╭──

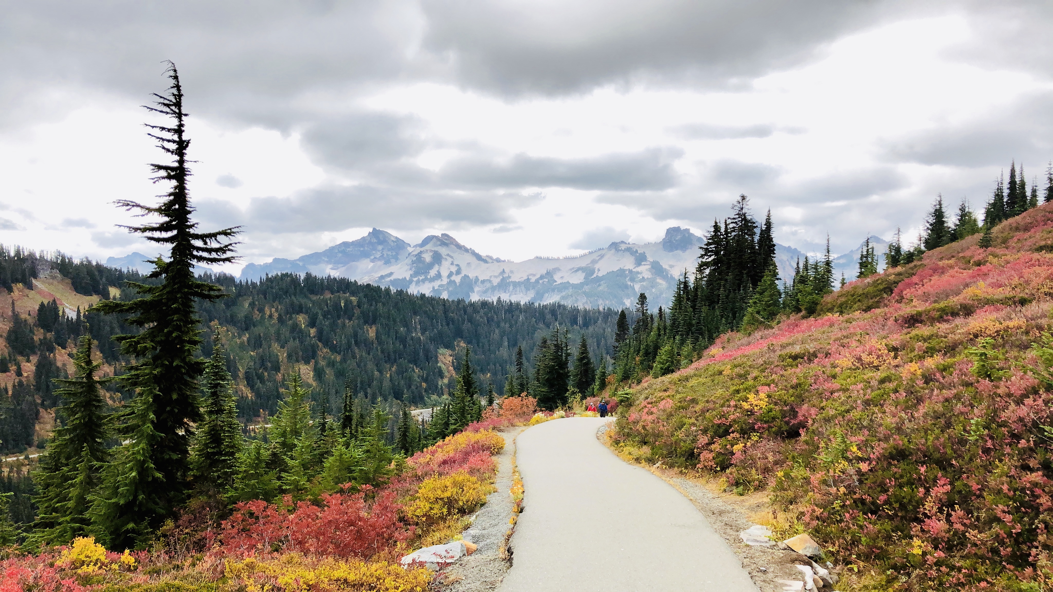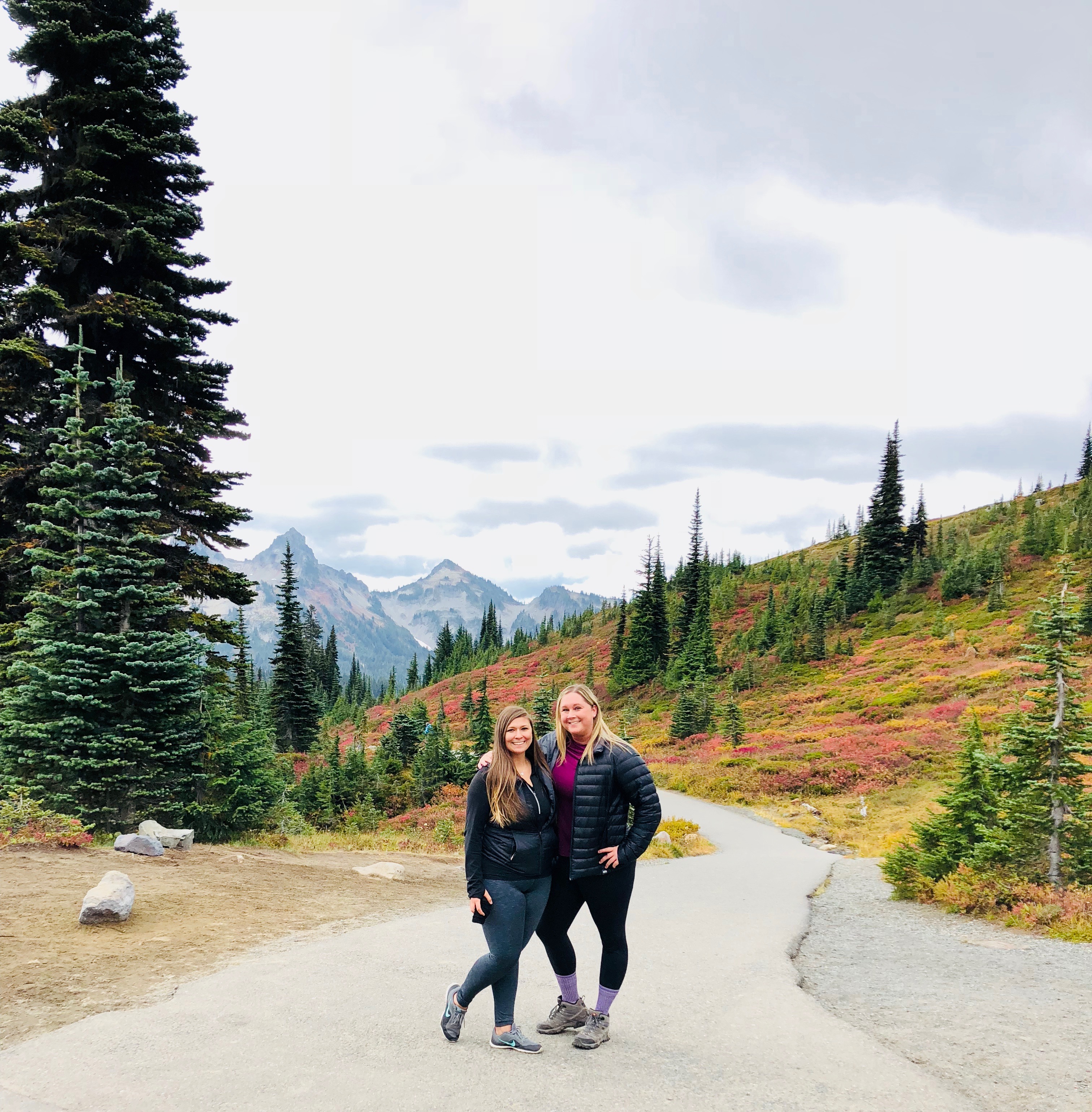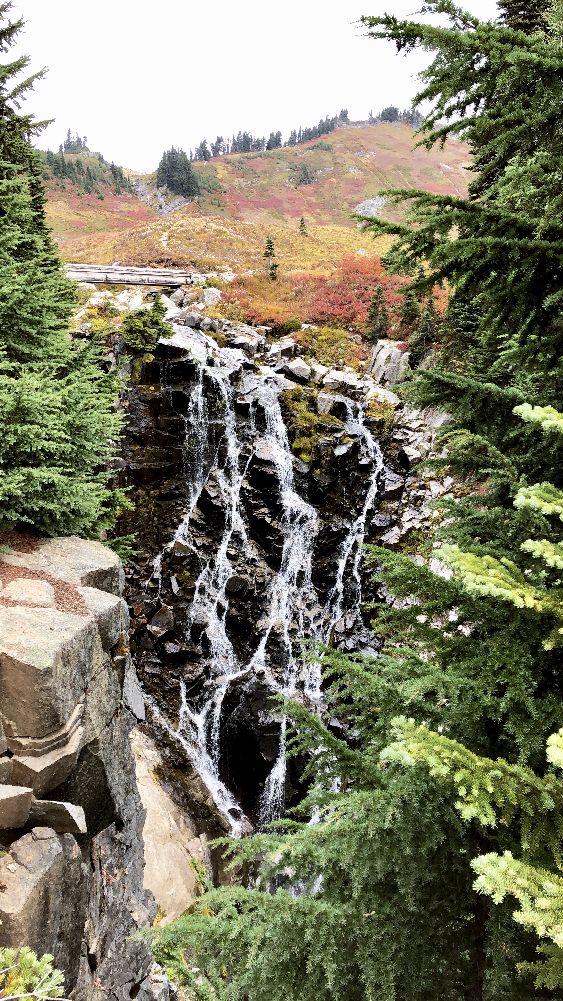 Next, we drove along the scenic route up to the Paradise Visitor’s Center, and were welcomed by an actual fall paradise. We debated back and forth about going on a hike up there, and ultimately decided to. We hiked to Myrtle Falls, but could only make it a few steps at a time before stopping to take pictures of the fall foliage! We seemed to catch the fall colors at their peak, and it was like nothing I had ever seen before. Then, to top it all off, on our way back down from Myrtle Falls, we saw a black bear!! This was the first black bear I’d seen in the wild, and just felt like the cherry on top of a perfect day.
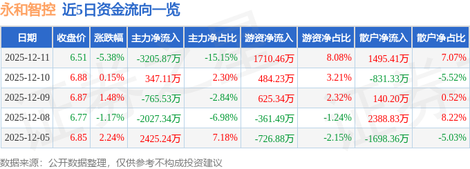证券之星消息,截至2025年12月11日收盘,永和智控(002795)报收于6.51元,下跌5.38%,换手率7.33%,成交量31.9万手,成交额2.12亿元。
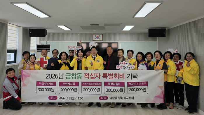 이날 기탁된 특별회비는 ▲금창동 적십자봉사회 30만원 ▲통장자율회 30만원 ▲주민자치회 20만원 ▲지역사회보장협의체 20만원 ▲정윤우 로사조경 대표 20만 원 등 총 120만원이다. 해당 성금은 대한적십자사에 전달되어 향후 재난 구호 및 취약계층 지원 사업 등에 사용될 예정이다.
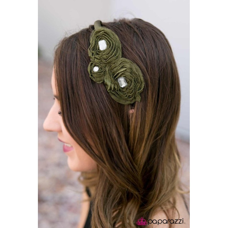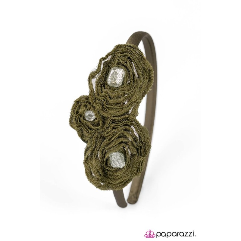 Scalloped brown rose petals sit asymmetrical on a black satin headband for a romantic display. Sold..

╰──

What the exercise asks: With the pictures omitted, write out exactly the lines from the one that contains "证券之星消息,截至2025年" through the final line of the material above, both ends included.

Finished exercise:
证券之星消息,截至2025年12月11日收盘,永和智控(002795)报收于6.51元,下跌5.38%,换手率7.33%,成交量31.9万手,成交额2.12亿元。
 이날 기탁된 특별회비는 ▲금창동 적십자봉사회 30만원 ▲통장자율회 30만원 ▲주민자치회 20만원 ▲지역사회보장협의체 20만원 ▲정윤우 로사조경 대표 20만 원 등 총 120만원이다. 해당 성금은 대한적십자사에 전달되어 향후 재난 구호 및 취약계층 지원 사업 등에 사용될 예정이다.
 Scalloped brown rose petals sit asymmetrical on a black satin headband for a romantic display. Sold..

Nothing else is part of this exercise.